Emportés par l'empressement généralisé à nous exposer et à soigner notre image pour être « likés » par le plus grand nombre, nous en oublions l’une des règles fondamentales de la communication : l’objectif.
À l’ère des réseaux
sociaux, nous illustrons ce que Philippe Sollers écrivait dans son livre Graal
: « Ils n’ont pas peur de mourir, mais plutôt de ne plus être pris en
considération par le spectacle, c’est-à-dire de ne plus se sentir filmables ou
télévisables. » Ce constat est né de notre « postmodernité d’indiscrétion
générale ».
Créer du contenu
sans but ni réflexion revient à jeter des bouteilles à la mer dans l’espoir
illusoire d'un bénéfice.
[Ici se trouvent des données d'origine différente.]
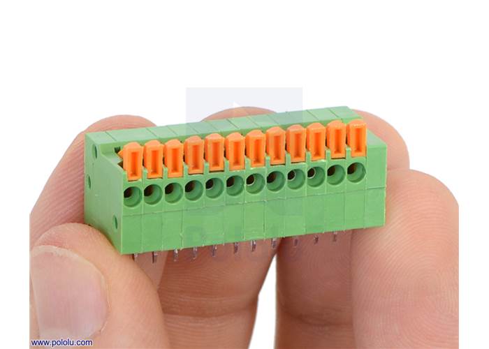These side-entry screwless terminal blocks have a pitch of 0.2″ (5.08 mm) . Each block has four spring terminals that automatically grip the stripped ends of inserted 22 – 16 AWG wires, allowing for easy, temporary connections to your PCB, and units can be combined to make longer blocks.
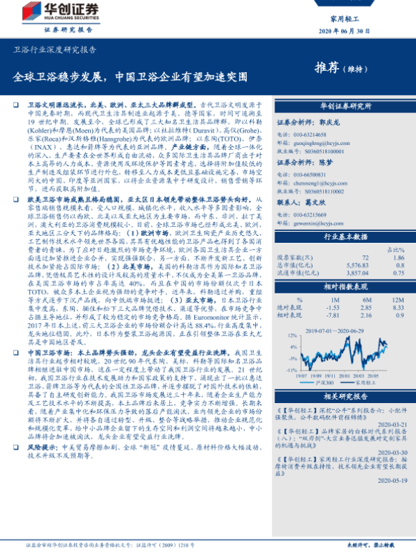 【华创证券】【20200630】20200630-华创证券-卫浴行业深度研究报告:全球卫浴稳步发展,中国卫浴企业有望加速突围-31页
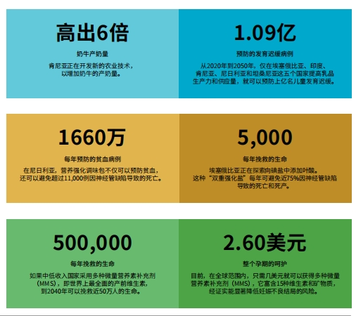 报告认为,营养不良需要大规模的解决方案,推广已经证实有效的解决方案能立刻带来改变。其中,新的农业技术可使牛奶产量增加两到三倍,到2050年可以防止上亿儿童发育迟缓;为孕妇提供优质产前维生素,则到2040年将挽救近50万的生命,改善2500万新生儿的出生状况。
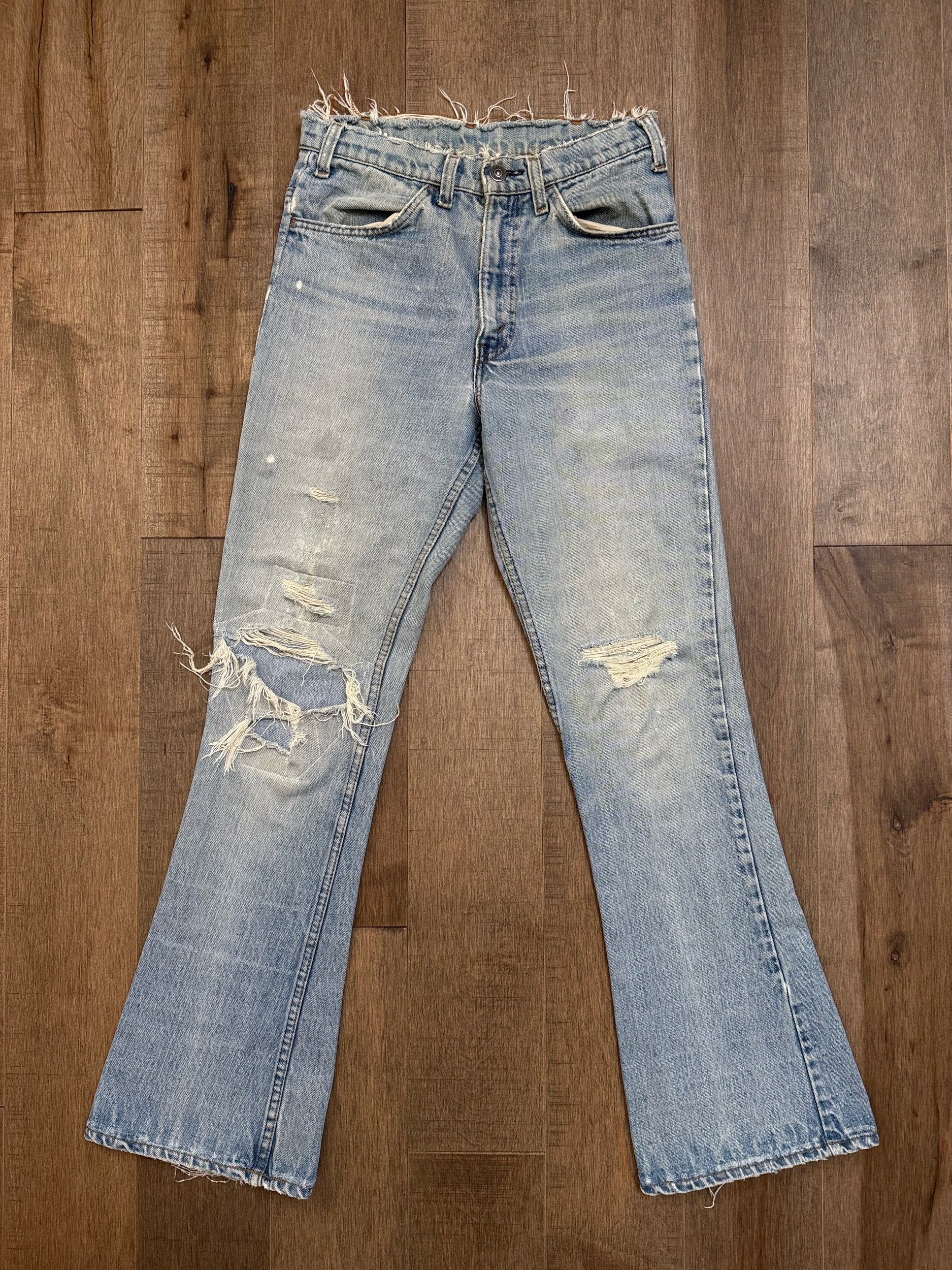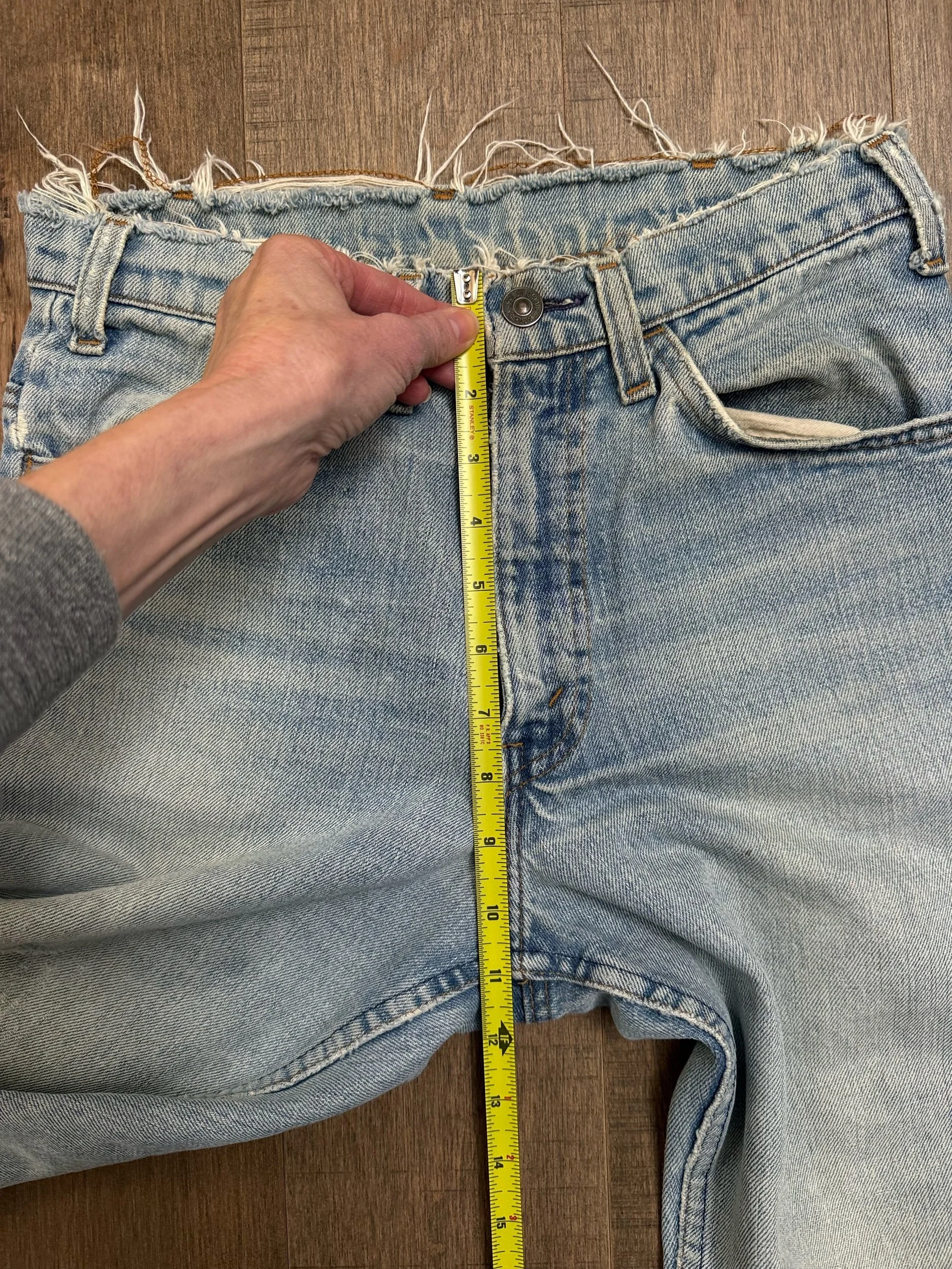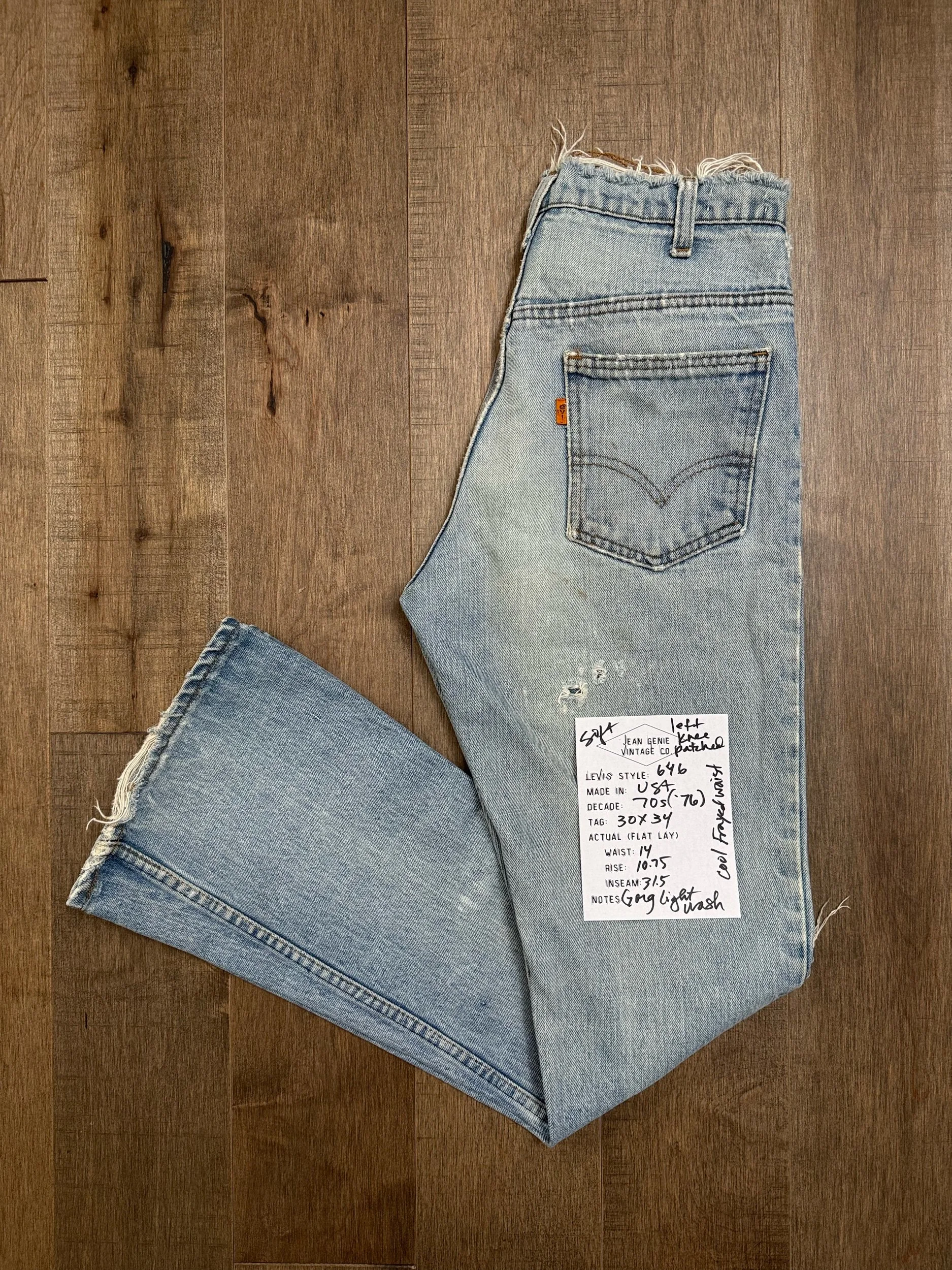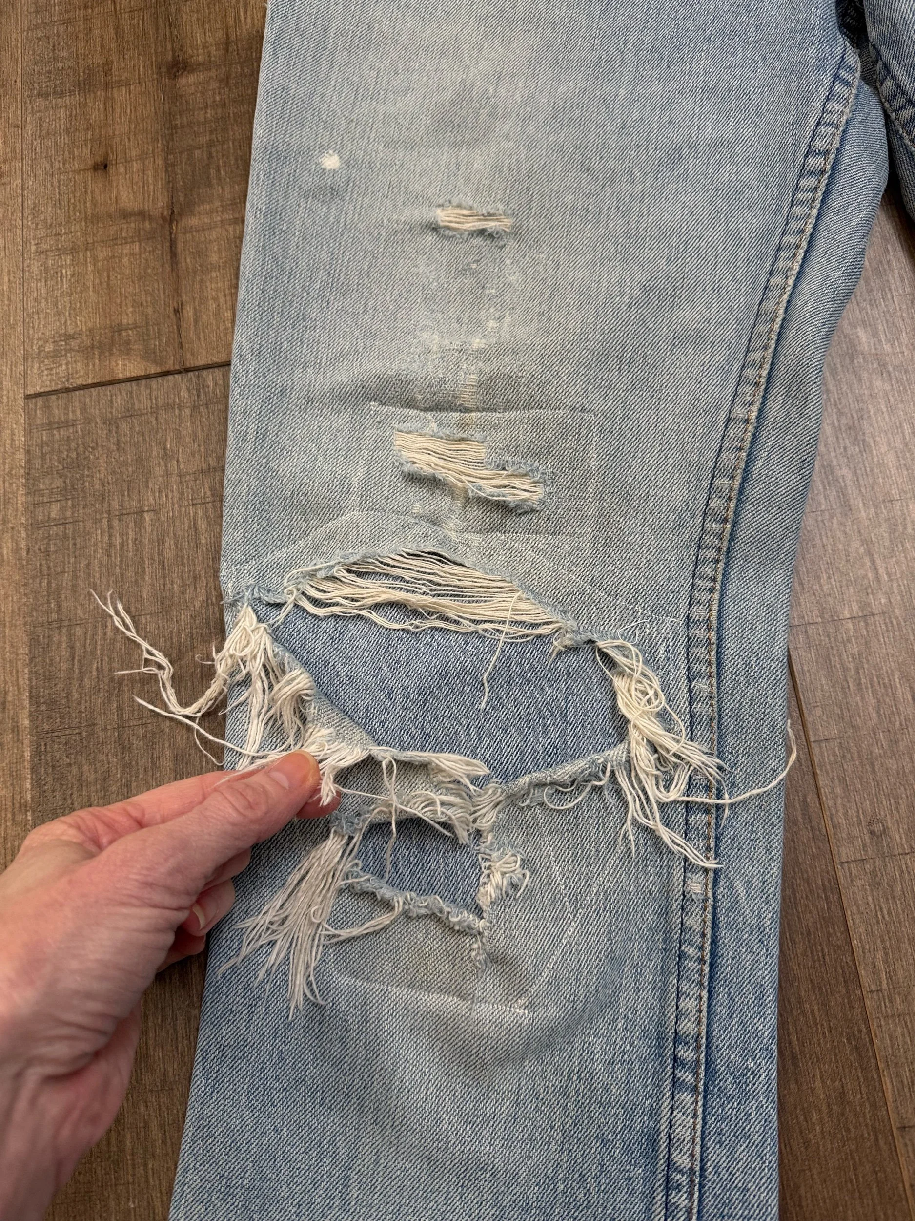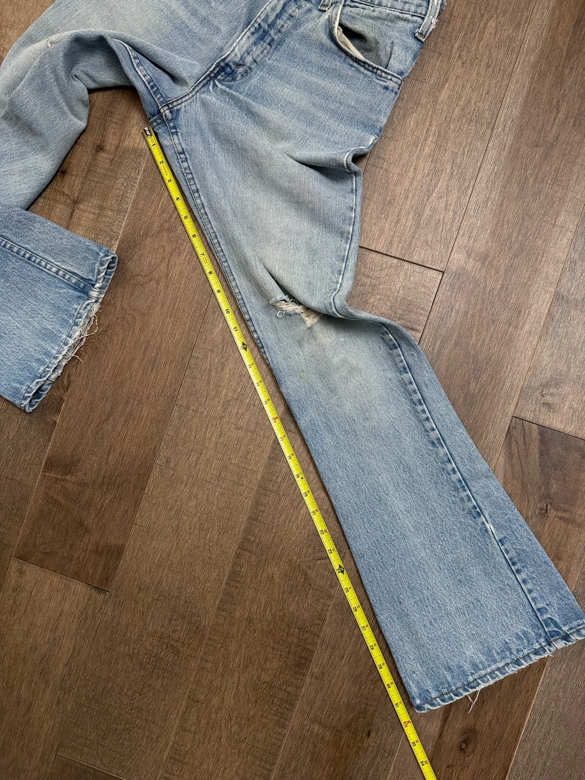 WASH: stunning light blue wash with awesome organic sun fades, frayed waist band (SICK), right knee and back right thigh distress has been patched closed from the inside. Left knee tear still open

C'est une stratégie « à la Jean-Claude Dusse » : on
mise tout sur le malentendu. En réalité, il ne s’agit là que de donner
l'illusion de faire illusion ; autant de coups d'épée dans l'eau.
Dès lors, une
question se pose : l’ego peut-il véritablement être l’objet d’une communication
?
La communication
change alors de nature : elle ne cherche plus à transmettre, mais à se
rassurer. On ne s'adresse plus à un public pour l'informer, le convaincre ou
l'émouvoir, on le somme de devenir le témoin passif d'une autocélébration.
C’est le piège de la
« visibilité pour la visibilité ». En oubliant l'objectif — le fameux «
pourquoi » — on sacrifie le contenu au profit de la mise en scène. On finit par
produire un bruit de fond où chacun crie sa propre importance, sans que
personne ne prenne plus le temps d'écouter.
Pourtant, la
communication demande de sortir de sa propre sphère pour rejoindre celle de
l'autre. Sans cela, la parole n'est qu'un monologue condamné à l'écho qui ne
relie que deux rives de la même solitude.